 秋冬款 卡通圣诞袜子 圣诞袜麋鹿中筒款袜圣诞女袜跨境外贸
---
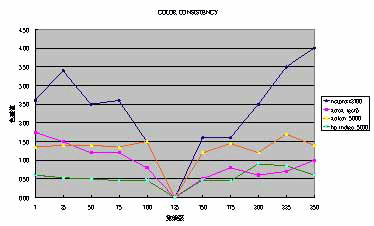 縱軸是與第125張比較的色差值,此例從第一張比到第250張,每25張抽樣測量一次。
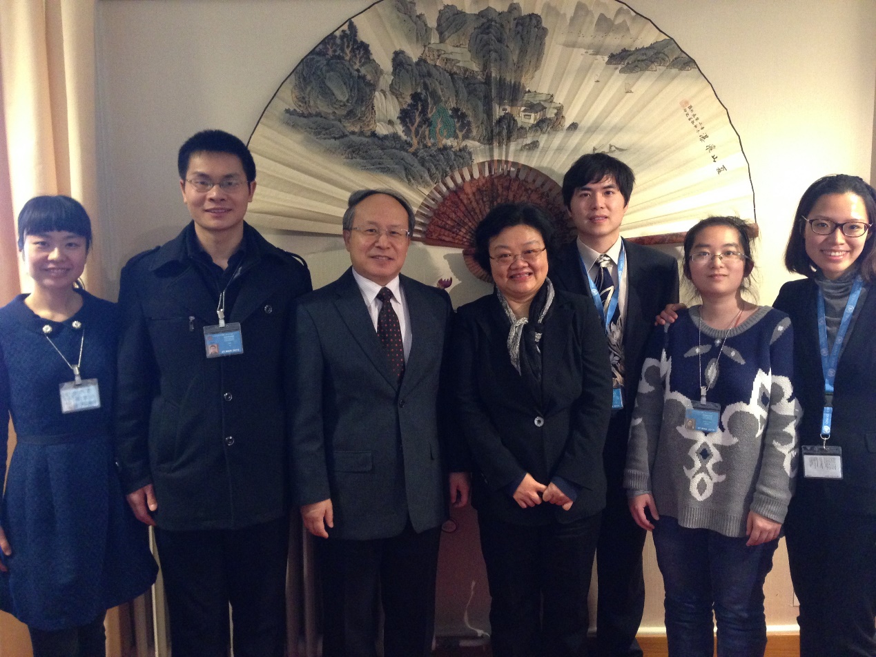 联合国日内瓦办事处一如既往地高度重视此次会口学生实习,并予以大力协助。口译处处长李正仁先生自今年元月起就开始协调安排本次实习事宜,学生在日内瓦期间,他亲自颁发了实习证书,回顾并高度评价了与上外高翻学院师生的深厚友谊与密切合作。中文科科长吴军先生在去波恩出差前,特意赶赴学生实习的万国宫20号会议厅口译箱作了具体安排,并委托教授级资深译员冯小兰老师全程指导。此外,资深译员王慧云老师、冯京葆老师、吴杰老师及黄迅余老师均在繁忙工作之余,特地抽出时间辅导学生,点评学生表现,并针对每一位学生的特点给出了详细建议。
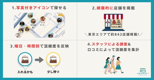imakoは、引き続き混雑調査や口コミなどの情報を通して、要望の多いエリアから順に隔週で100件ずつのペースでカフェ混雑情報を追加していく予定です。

## Work to be completed
From the records above, output only the lines starting at the one containing "縱軸是與第125張比較的色差" and ending at the one containing "imakoは、引き続き混雑調", word for word. Pictures stay out.

## Answer section
 縱軸是與第125張比較的色差值,此例從第一張比到第250張,每25張抽樣測量一次。
 联合国日内瓦办事处一如既往地高度重视此次会口学生实习,并予以大力协助。口译处处长李正仁先生自今年元月起就开始协调安排本次实习事宜,学生在日内瓦期间,他亲自颁发了实习证书,回顾并高度评价了与上外高翻学院师生的深厚友谊与密切合作。中文科科长吴军先生在去波恩出差前,特意赶赴学生实习的万国宫20号会议厅口译箱作了具体安排,并委托教授级资深译员冯小兰老师全程指导。此外,资深译员王慧云老师、冯京葆老师、吴杰老师及黄迅余老师均在繁忙工作之余,特地抽出时间辅导学生,点评学生表现,并针对每一位学生的特点给出了详细建议。
imakoは、引き続き混雑調査や口コミなどの情報を通して、要望の多いエリアから順に隔週で100件ずつのペースでカフェ混雑情報を追加していく予定です。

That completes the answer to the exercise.